Since he joined six months ago, he has worked at Techshop three times a week. “It’s funny,” he says. “It stresses me when I go on vacation, because I can’t come to the shop.” He has mastered the use of computer-controlled cutters to create objects that blur the boundary between art and craft. But no one technique can satisfy his expansive imagination: He recently learned to weld and cast aluminum. “I really hadn’t been working on my art seriously until I started coming to TechShop,” he says. “It’s one thing to have ideas, it’s quite another to make them real. Ideas just flow out of me. But here I can implement them like that,” he says, with a snap of his fingers.
Ken Potts may have the distinction of undertaking the most ambitious project at TechShop: He has started building a small two-seater airplane from scratch. (“Yes, this is my first airplane, and no, I have not been diagnosed with any mental illness,” he wrote in an e-mail message, by way of introduction.)
A soft-spoken mechanical designer for a robotics firm based in Apex, Potts hails from St. Louis. He bought plans for the Zenith “light sport utility” aircraft online for $495. Tellingly, he’s had only one flight lesson, but he’s confident in his skills as a builder. “I’m not that brave a person. I wouldn’t do something if I didn’t think I’d have a reasonable chance of surviving,” he laughs.
Over the years, he’s constructed a number of powerboats out of plywood, fiberglass and cloth. He prefers the contemplative space carved out by time-intensive, large-scale projects. For him, the reward is in the process, rather than the finished product. He estimated his last boat would take six months to finish. It took him three and a half years.
For the plane, he’s aiming for a final cost of $20,000, by his reckoning roughly a third the typical cost of kit planes. He’s completed a piece of the tail section. After the frame takes shape, he’ll install avionics and an engine. (He’s looking for a salvageable Corvair engine.)
But building the airframe from the ground up, starting with cutting, bending and riveting raw sheets of aluminum, is less about saving money than about immersing himself in as much of the hands-on work as possible. “So far I’ve mostly been planning and purchasing materials, which is not fun,” he says. “Now I’m cutting materials, which is fun. That’s the whole point.”
At the outset, he joined the local chapter of the Experimental Aircraft Association, who’ll help ensure his plane is airworthy and compliant with federal regulations. He also joined TechShop, because “I knew I’d have access to any tool I’ll need,” he says. “But it hasn’t turned out to be what I thought it would.
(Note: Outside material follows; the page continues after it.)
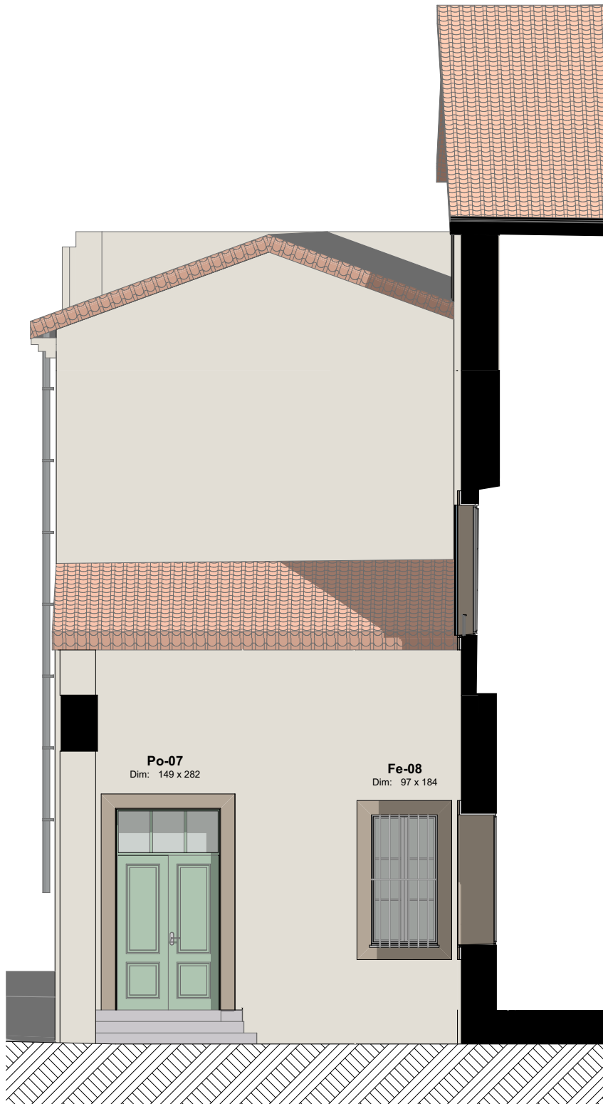
FAÇADE OUEST PROJET - COURETTE - 1/75

“I thought I’d come in, use the tools and go home. But I’ve met people I wouldn’t have met any other wayphysicists, engineers. And I’m always learning something I didn’t know I didn’t know. It’s hard to describethings come up that I didn’t even know I was interested in.”
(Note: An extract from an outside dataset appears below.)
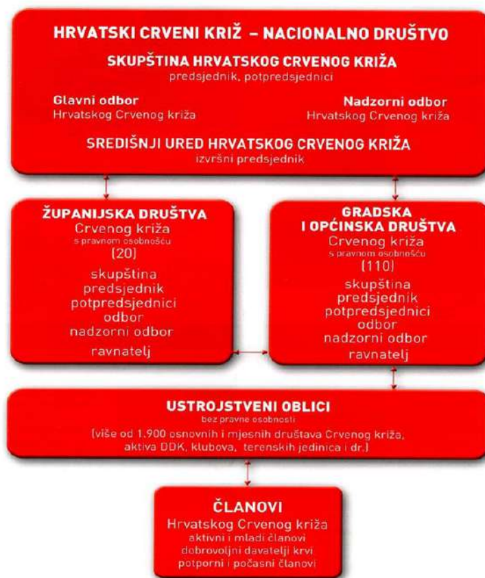
Slika 3 Ustroj i tijela HCK, Glasilo HCK

It’s a common refrain in the TechShop community: Come for the tools, stay for the fellowship. The esprit de corps is fostered by the meditative spirit that arises when a busyness of hands stills the mind, and engagement with the physical world directs the attention outward to peace and purpose, rather than inward to anxiety and doubt. As Crawford writes in Shop Class, “The satisfactions of manifesting oneself concretely in the world through manual competence have been known to make a man quiet and easy. They seem to relieve him of the felt need to offer chattering interpretations of himself to vindicate his worth. He can simply point: the building stands, the car now runs, the lights are on.”